(DATA TO PROCESS begins)
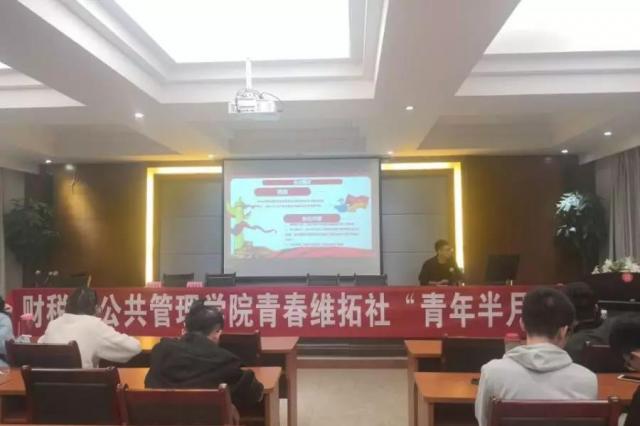 为引导广大青年学生关注时事热点,提高新时代青年学生思想政治觉悟,坚定大学生“为人民谋幸福,为中华民族谋复兴”的理想信念,高质量促进“不忘初心,牢记使命”主题教育的开展,江西财经大学财税与公共管理学院青春维拓社紧跟时代发展,于11月3日晚在蛟桥财税大楼一楼会议室开展了本学期第一期青年半月谈。本期青年半月谈邀请到财税与公共管理学院学生第一党支部副书记杨杰同学为同学们深入解读十九届四中全会公报。
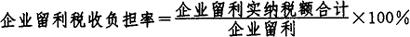 企业净产值税收负担比率反映了在一定时期内企业净产值中负担国家税收的状况。 4.企业留利税收负担率。 企业留利税收负担率是在一定时期内企业留利实纳税额合计数与企业留利之间的比率。其公式为:
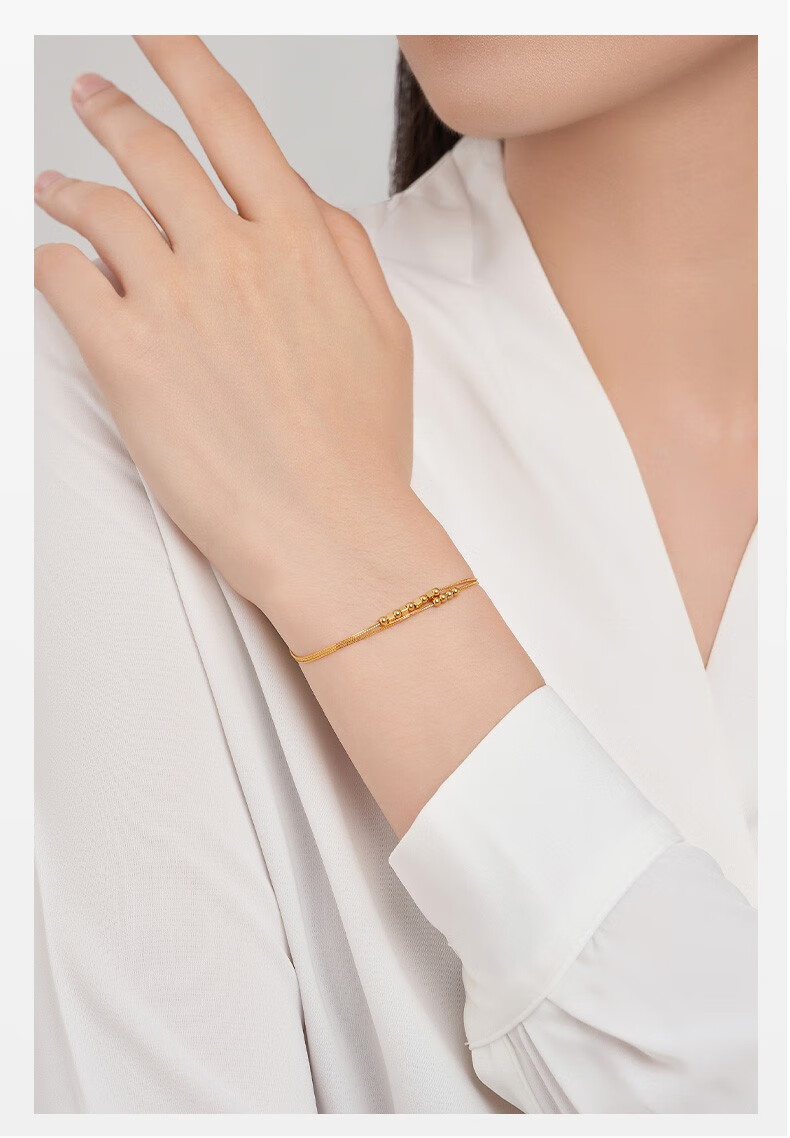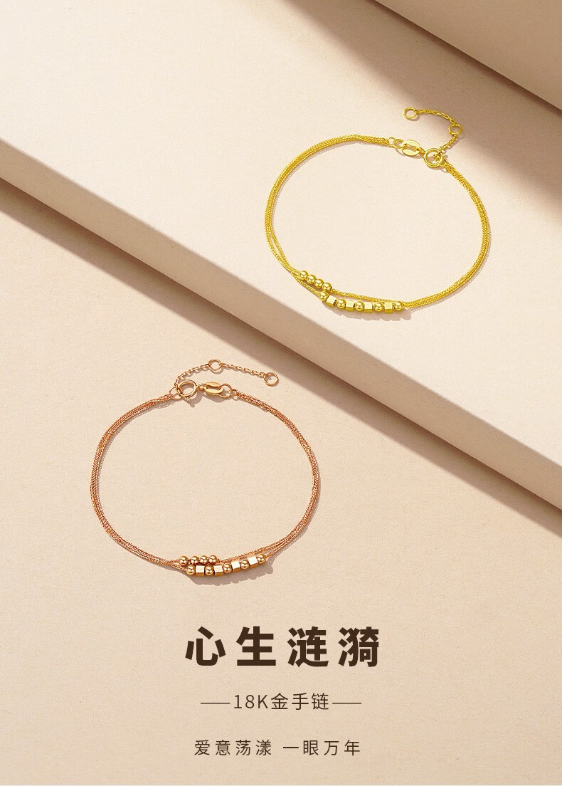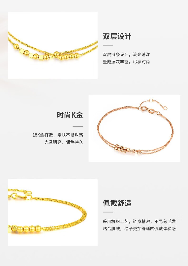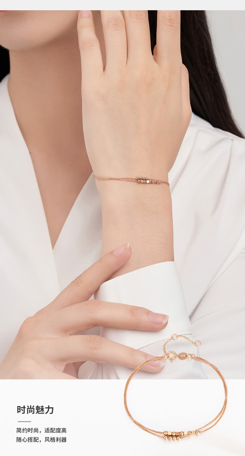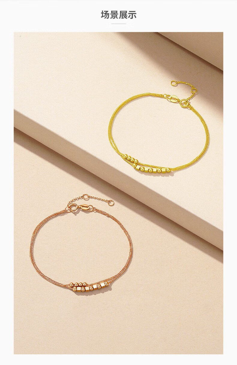 Chow Tai Sang 18K gold bracelet for women rose gold color gold double-layered sugar cube red and yellow k gold bead bracelet as a birthday gift for girlfriend 18K red double-layered sugar cube bracelet (approximately 1.05g)
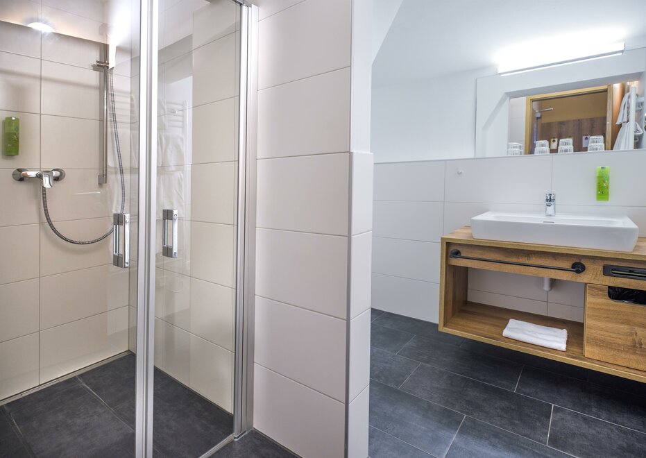 Single bed, light and modern furniture, private bathroom with shower/WC
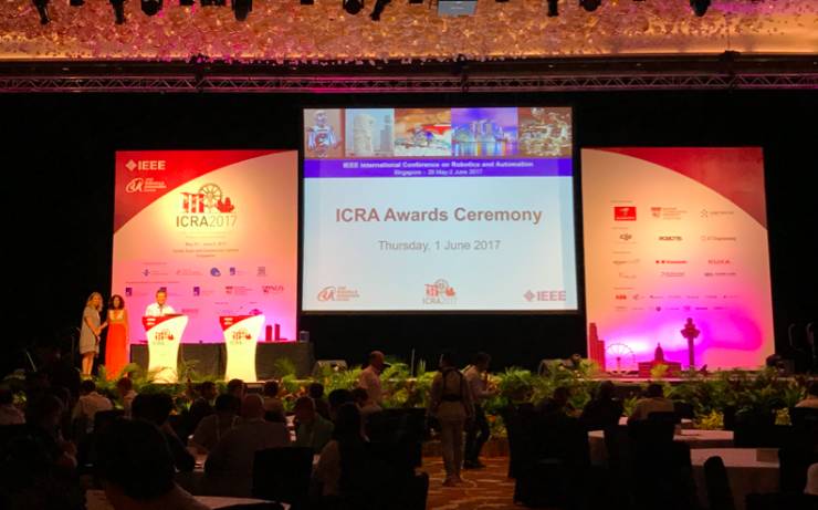 ICRA 2017 临近尾声的时候,我们也迎来了本次大会的又一个小高潮——Award Ceremony,本次大会将为在机器人与自动化领域做出巨大贡献和学术成果的个人及团队颁发一系列奖项,AI 科技评论此前在介绍各大细分领域的获奖论文时,也已经对论文内容做了详细介绍。
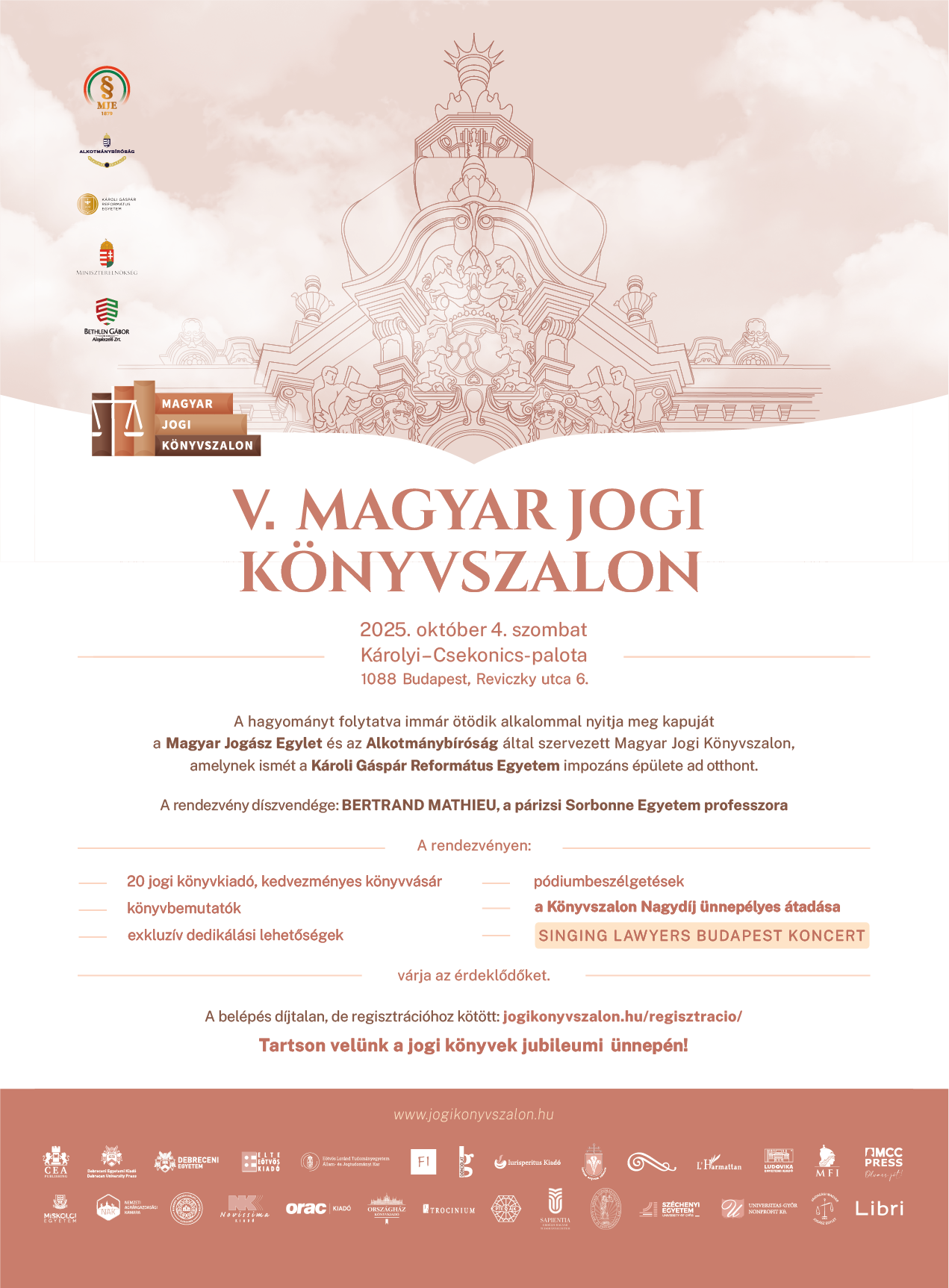 A Gondolat Kiadó idén is részt vesz a Magyar Jogi Könyvszalonon 2025 október 4-én, szombaton a Károlyi-Csekonics Palotában (1088 Budapest, Reviczky utca 6.)
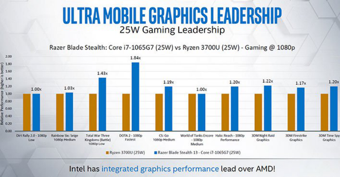 當然,最有意思的,應(yīng)該還是和AMD的處理器做比。眾所周知,AMD移動版處理器內(nèi)置的Vega核顯是擁有入門獨顯級別性能的,比此前英特爾的Gen 9核顯要強出不少,但是隨著Gen 11核顯的到來,情況似乎發(fā)生了逆轉(zhuǎn),根據(jù)官方給出的數(shù)據(jù)顯示,在1080P分辨率下,i7-1065G7(25W)在很多測試的游戲中都超越了采用Vega 10核顯的Ryzen 7 3700U(TDP同樣是25W),在《Dota 2》游戲中甚至有1.84倍的性能領(lǐng)先,最不濟也能保證持平。
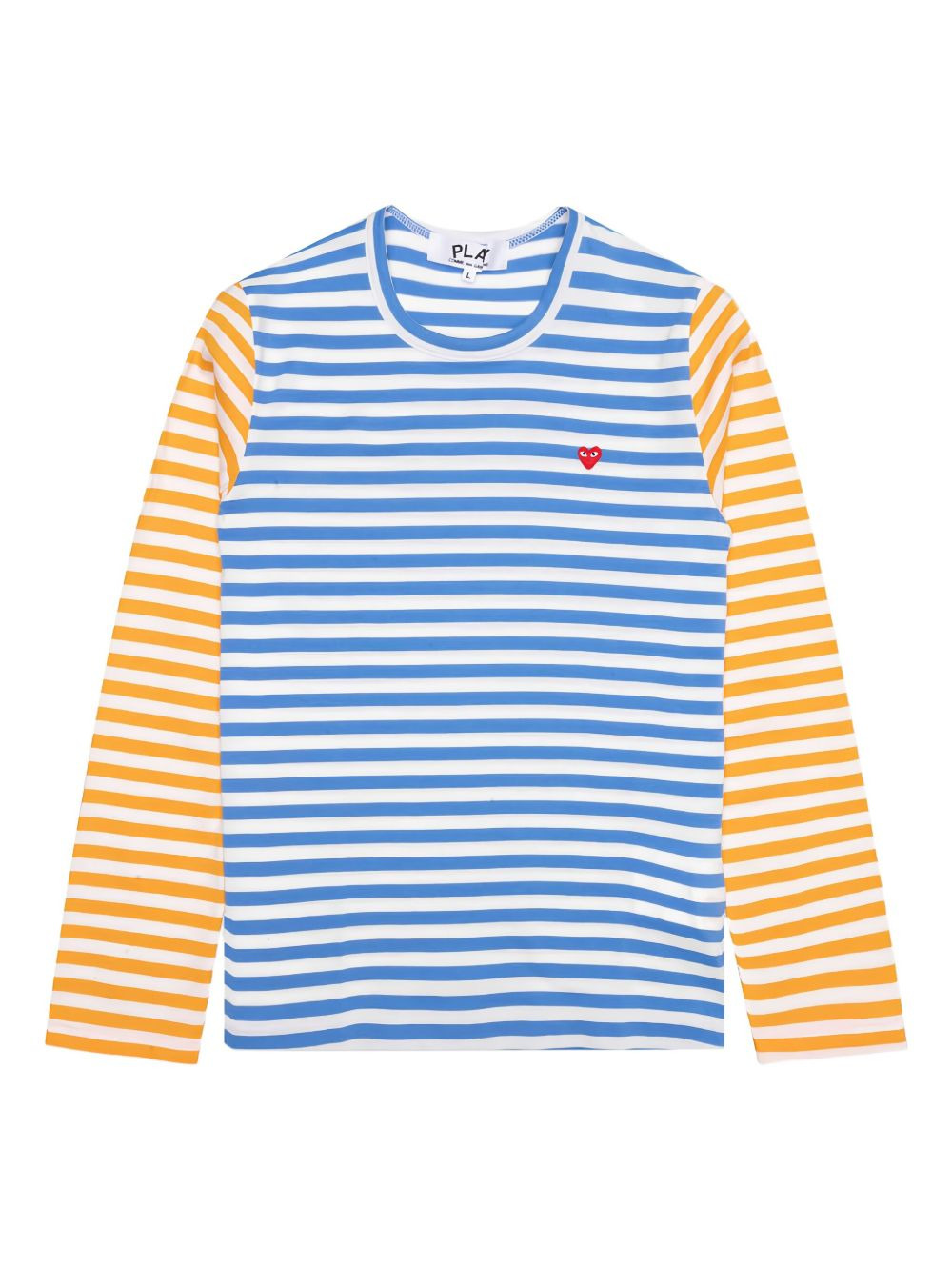 UNISEX LONG SLEEVES TEE BI-COLOUR STRIPED - BLUE/YELLOW
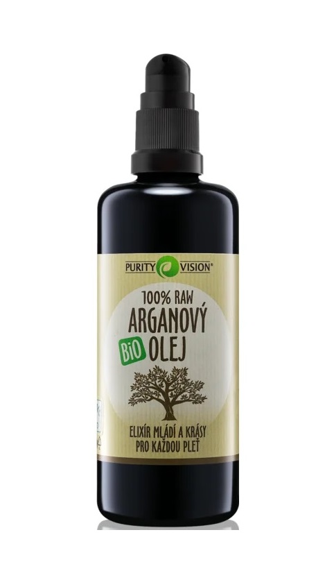Purity Vision Raw Bio Arganový olej je vhodný pro všechny typy pleti, jako pěstící noční a denní olej nebo jako šetrný prostředek pro ošetření citlivé pokožky očního okolí. Arganový olej je marocký elixír mládí a krásy. Arganový olej, je ceněný pro vysoký obsah vitalizujících látek, jako jsou tokoferoly (vitamín E), esenciální mastné kyseliny (vitamín F), karoteny, které mají příznivý vliv na vaši pokožku. 100% Raw Bio Arganový olej Purity Vision oceníte pro jeho jedinečné účinky: – má antioxidační a protistárnoucí efekt, vyhlazuje drobné vrásky – má skvělé regenerační a hydratační účinky, vitalizuje suchou, citlivou, poškozenou, zralou a ke tvorbě vrásek náchylnou pleť.
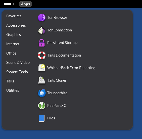 Окружение рабочего стола в Tails называется GNOME. Здесь мы расскажем о некоторых важных особенностях рабочего стола, связанных с Tails.
(DATA TO PROCESS ends)
* [ASSIGNMENT]:
Please output, exactly as written, the lines above from the one holding "ICRA 2017 临近尾声的时候,我们也迎来了本次大会的又一个小高潮——Award" through the one holding "UNISEX LONG SLEEVES", both included, with the pictures omitted.

* [TASK ANSWER]:
 ICRA 2017 临近尾声的时候,我们也迎来了本次大会的又一个小高潮——Award Ceremony,本次大会将为在机器人与自动化领域做出巨大贡献和学术成果的个人及团队颁发一系列奖项,AI 科技评论此前在介绍各大细分领域的获奖论文时,也已经对论文内容做了详细介绍。
 A Gondolat Kiadó idén is részt vesz a Magyar Jogi Könyvszalonon 2025 október 4-én, szombaton a Károlyi-Csekonics Palotában (1088 Budapest, Reviczky utca 6.)
 當然,最有意思的,應(yīng)該還是和AMD的處理器做比。眾所周知,AMD移動版處理器內(nèi)置的Vega核顯是擁有入門獨顯級別性能的,比此前英特爾的Gen 9核顯要強出不少,但是隨著Gen 11核顯的到來,情況似乎發(fā)生了逆轉(zhuǎn),根據(jù)官方給出的數(shù)據(jù)顯示,在1080P分辨率下,i7-1065G7(25W)在很多測試的游戲中都超越了采用Vega 10核顯的Ryzen 7 3700U(TDP同樣是25W),在《Dota 2》游戲中甚至有1.84倍的性能領(lǐng)先,最不濟也能保證持平。
 UNISEX LONG SLEEVES TEE BI-COLOUR STRIPED - BLUE/YELLOW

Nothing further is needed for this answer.